As student council president, a classmate asked Hjelle if the student council would be doing anything in conjunction with the walkout.
"I talked to a few other people in the locker room after our soccer workout and a lot of other people in the locker room were interested," she said. "I talked to some other friends and I realized that there was a definite interest, but so many of my peers didn't know how to do about participating in this. So I talked to the student council advisor Mrs. (Ali) Johnson and she sent me a few links and said it was a student run thing, so if you want to do it, it's kind of on you."
Hjelle said she then went to the high school and district administration to get approval.
School District of Rhinelander superintendent Kelli Jacobi said the district is prepared in the event the organizers go through with their plans.
"The principals have been on this. I met with them so that they were up to speed on the whole situation and the articles that have come out and the importance of supporting them (the students) if they chose to do so," Jacobi said. "Obviously we can't force them to, so we have to have supervision in multiple locations so that all of our staff is outside. We are working with them (the student organizers) so that they go into it with a plan."
She added that there will be no disciplinary action taken against students who take part in the walkout.

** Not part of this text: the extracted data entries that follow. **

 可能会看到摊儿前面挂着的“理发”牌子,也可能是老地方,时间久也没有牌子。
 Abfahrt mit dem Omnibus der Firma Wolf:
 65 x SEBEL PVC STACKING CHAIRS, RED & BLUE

Jacobi said the walkout will not be disruptive and school administrators will not try to stop the students if they wish to take part. Jacobi said students will be given an opportunity during the walkout to speak out if they have plans to do that.

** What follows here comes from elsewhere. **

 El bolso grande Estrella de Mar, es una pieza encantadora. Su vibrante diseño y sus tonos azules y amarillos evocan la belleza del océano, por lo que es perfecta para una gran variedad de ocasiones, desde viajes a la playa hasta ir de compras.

"There will be a plan in place, working with the high school," she said. "If the students decide, and they don't normally plan well in advance, there is a plan in place so that there is supervision for all, that it's not totally messing up the schedule of the day."
Jacobi said that the goal for the advance planning is the safety of those students who decide to take part.
"I have a concern that this will come to everyone's attention as the date nears," she said. "That means that people that could be armed and could be looking to do harm could be waiting outside schools for the opportunity as all of the students leave the building. We want to keep them (students) safe, too, and that is much easier to do when we are helping them come up with their plans, to make sure that we have additional law enforcement present."
Hjelle said she has drawn inspiration from the survivors of the Valentine's Day shooting at Marjory Stoneman Douglas High School and how outspoken they have become in the gun control date in the last month.
"I absolutely believe that the political climate in the United States needs to change," she said. "I firmly believe that no matter your stance on gun reform; whether you're in favor of it or you're not, we need to have conversations,"
Hjelle hopes, whether they participate in the walkout or not, her classmates will use the walkout as an opportunity to get educated on the issue of gun reform so they can form their own opinions on the issue.
"I think that this walkout, along with a lot of other walkouts, marches and protests, are really beneficial because they cause people to start having conversations," she said. "And I think that is really where the change can occur, where the change does occur. For instance, last (week) I posted on Facebook about the opportunity that RHS has with this walkout, immediately I had people messaging me, commenting on my post their opinions. It seemed that for every opinion that was opposed to this, there was an opinion that was in favor of it. And I think that is really, really important because when those two sides can come together, that is when people stop their ignorance and come to a conclusion and really learn from each other."
She said that solutions to complex issues can only be found through discussion, not arguing.
"It's not about the right wing and the left wing; it's not about Republicans and Democrats, it's about bringing all of our ideas together and realizing that you have more similar ideas than we think," Hjelle said.